The present rattled inside her skull once more: The whirlwind of the man and the beast spun down. Pushed forward these past days by both the gale force hatred of his sister and his own grief, the man had found clarity in the death dripping from his beast’s talons. But now his task was done.
Mira felt his fracture as well—his own niece’s murder gouged across his world and left him on a cliff’s edge. He raged along the precipice, a sword in each hand and a dragon at his back, making sure every last villain went over with him.
Down into the ash-choked inkiness. Down inside a blistering hole.
A new moment of what-is danced into her mind’s eye: Junonius and Jupiter finding their cousin. One boy hiccupping. The reek of blood and the bitter stench of shit. Tears streaking cheeks and the backs of hands. The other boy curling into a ball on the sand and rocking back and forth, back and forth.
Junonius finding the dagger the man had dropped into the crescent of dried death surrounding the girl’s body.
Then that moment, too, moved into what-was.
Ismene quivered behind Mira and she rotated in her sister’s embrace, her own hands moving under her seer’s control. One rose to block the racking swipe of Ismene’s nails. The other held her sister’s wrist and the dagger she’d almost whipped at their brother’s head.

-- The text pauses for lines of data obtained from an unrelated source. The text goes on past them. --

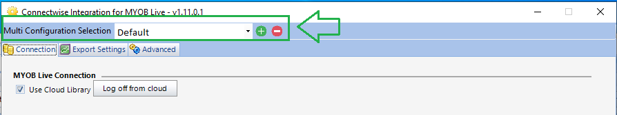Once you have set up your different MYOB configuration settings, each one pointing at the corresponding MYOB file, you can now go back to the main screen. You will find the same MYOB file selector on the main menu bar.
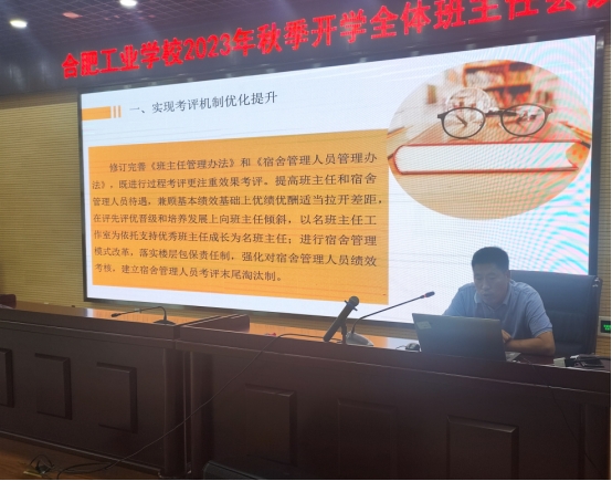 2023年8月25日下午,合肥工业学校在科技楼四楼会议室举行合肥工业学校2023年秋季开学全体班主任暨新生班主任会议,就开学工作进行动员和培训,确保新学期各项工作顺利开展。会议由学生处处长杨晓宁主持,党委委员、副校长张宗权到会并发言,法制副校长张东安受邀出席。会上,张宗权针对班主任管理的系列改革举措进行了详细解读,并强调了学生包保责任制的重要性。他指出,班主任是学校和学生之间的重要纽带,对学生的成长起到至...
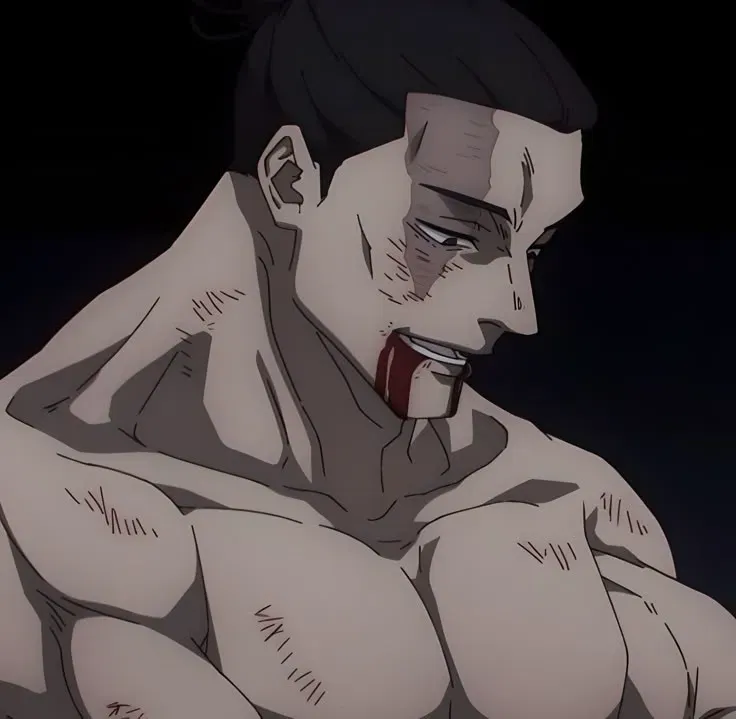 His body was wrecked. One eye swollen shut, blood smeared down his chest in dry and wet streaks. His right arm hung low, trembling with every step. He was shirtless, muscles twitching from exhaustion, entire torso cut up like a cursed canvas. His jaw clenched with every breath. A broken rib ground against itself every time he inhaled.

“Why did you let this happen?” The screams pouring from Ismene deafened Mira’s ears. “Why, brother?”
Mira heard only the rising inflection and panicked tone of her sister’s voice. In her seer, new crescents formed around each boy, but they weren’t as practiced at killing as the human half of the Dracos. He’d been quick. Merciful, even. The boys’ agony spread out through Mira’s seer like wastewater thickened by mud and slaughter.